Exclude all pictures, and reproduce exactly the lines from the one containing "小麦粉に塩水を混ぜ合わせて、こねこね~ こねこね~" through the end of the records, with nothing else added.

(Stored data)
----

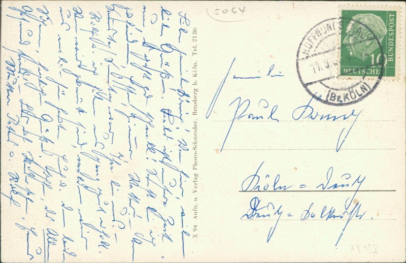 Verlag | Photo-Schneider, Bensberg b. Köln. Tel. 2186 |
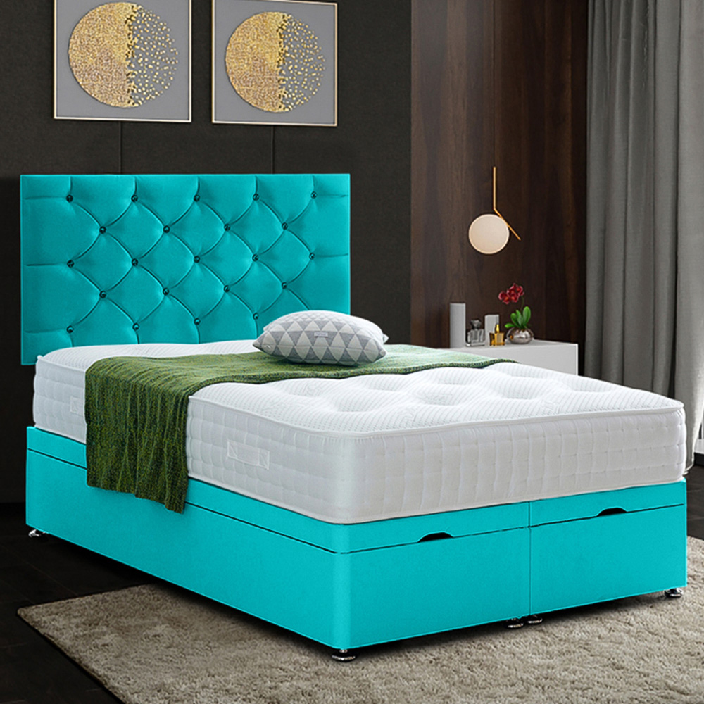 Elevate your sleeping experience with the Eleganza Home Resthaven Single Teal Plush Velvet Divan Ottoman Bed with Headboard, a perfect blend of elegance and functionality. This bed features a luxurious 24 inch Chesterfield headboard and an ottoman base, both meticulously upholstered in plush velvet. The built-in storage within the ottoman base makes it an ideal choice for those looking to maximise space without compromising on style. This bed is designed to complement any bedroom decor while providing a touch of sophistication.
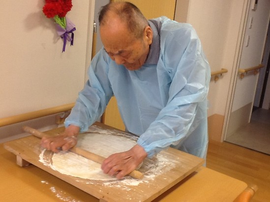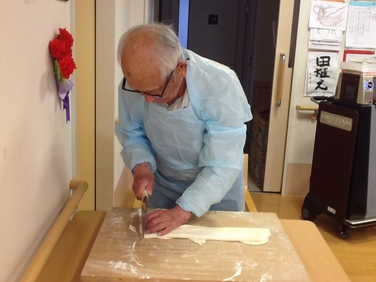 小麦粉に塩水を混ぜ合わせて、こねこね~ こねこね~
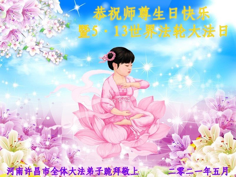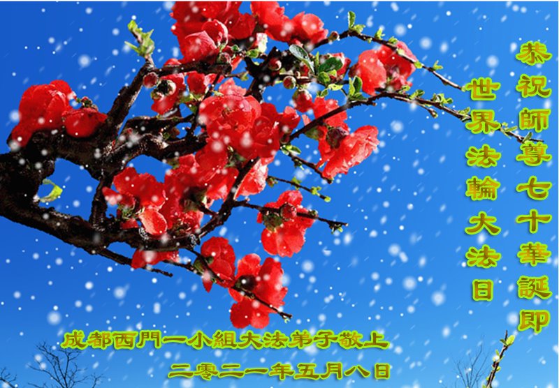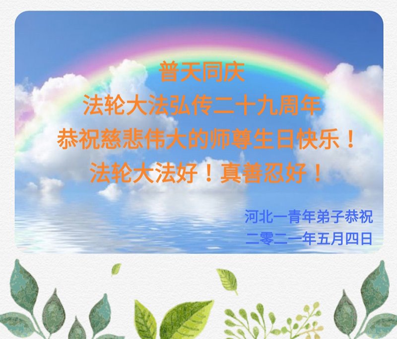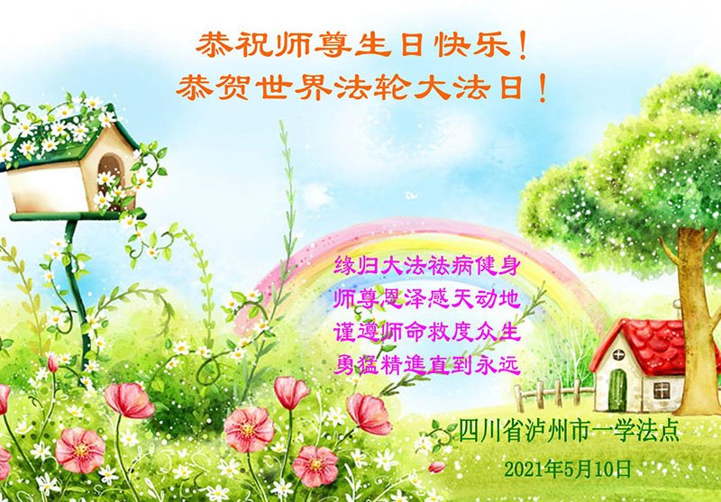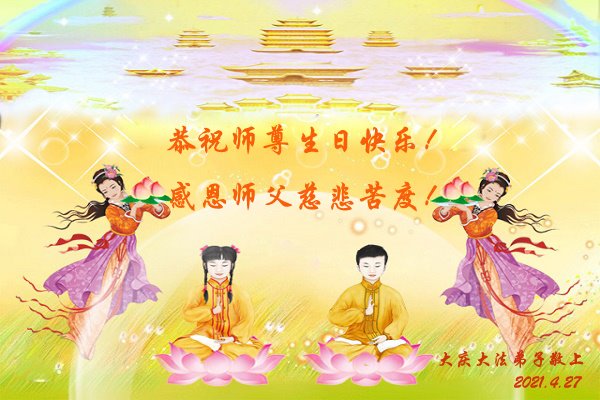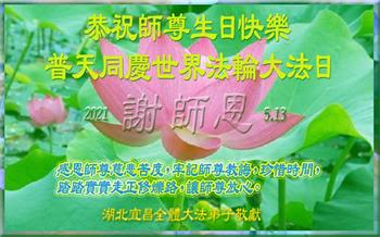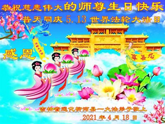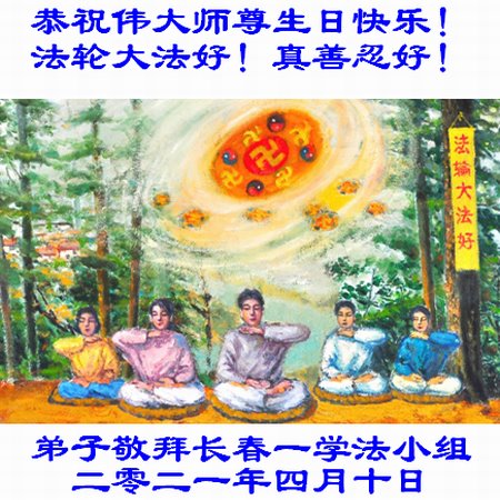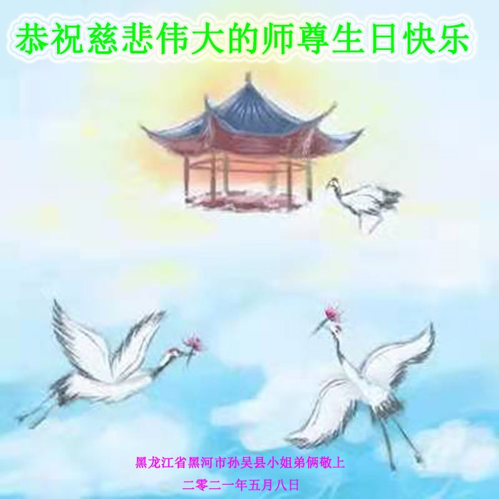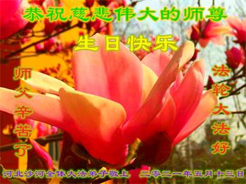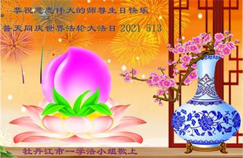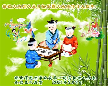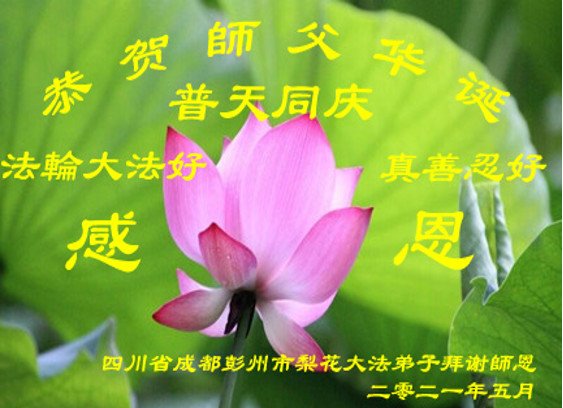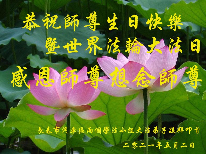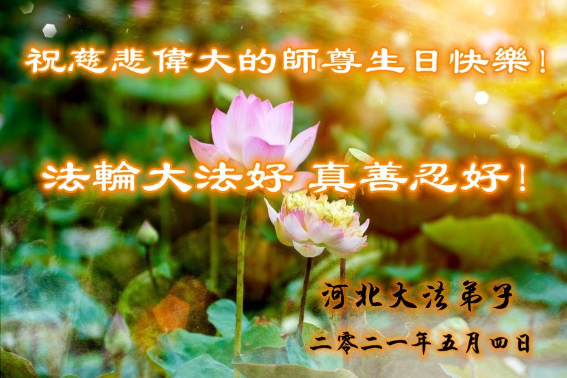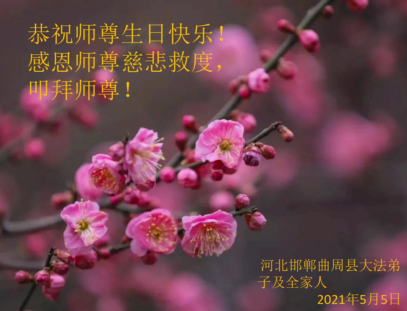 在二零二一年五一三世界法轮大法日即将到来之际,在这普天同庆同庆的时刻,湖北省孝感市安陆市一学法小组在此遥祝慈悲伟大的师尊生日快乐!我们会继续做好助师正法,救度众生的事,谢谢师尊。
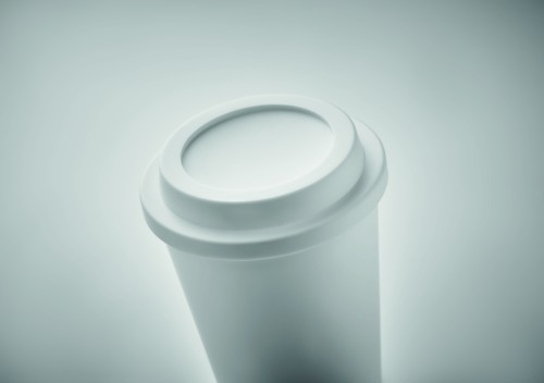 Double wall tumbler in PP with lid. Capacity: 300 ml.
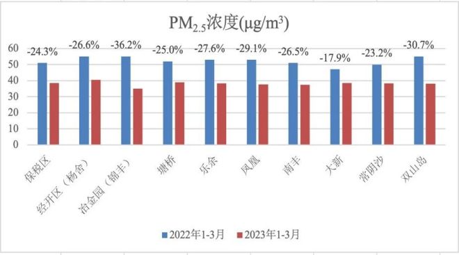 圖2 張家港市各鄉鎮2023年1-3月與2022年1-3月PM2.5平均濃度變化情況
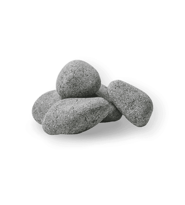 To enhance the design and create a more soothing steam experience in your HUUM heater, we suggest using rounded stones. Each box includes three different sizes of rounded olivine diabase stones: 3-5 cm, 5-10 cm, and 10-15 cm. This is done to ensure optimal stone spacing within the heater. These stones are durable and have a high heat capacity. While you can use other types of stones in HUUM heaters, we do not recommend using decorative stones as they may break easily.

----

=== Your response ===
 小麦粉に塩水を混ぜ合わせて、こねこね~ こねこね~
 在二零二一年五一三世界法轮大法日即将到来之际,在这普天同庆同庆的时刻,湖北省孝感市安陆市一学法小组在此遥祝慈悲伟大的师尊生日快乐!我们会继续做好助师正法,救度众生的事,谢谢师尊。
 Double wall tumbler in PP with lid. Capacity: 300 ml.
 圖2 張家港市各鄉鎮2023年1-3月與2022年1-3月PM2.5平均濃度變化情況
 To enhance the design and create a more soothing steam experience in your HUUM heater, we suggest using rounded stones. Each box includes three different sizes of rounded olivine diabase stones: 3-5 cm, 5-10 cm, and 10-15 cm. This is done to ensure optimal stone spacing within the heater. These stones are durable and have a high heat capacity. While you can use other types of stones in HUUM heaters, we do not recommend using decorative stones as they may break easily.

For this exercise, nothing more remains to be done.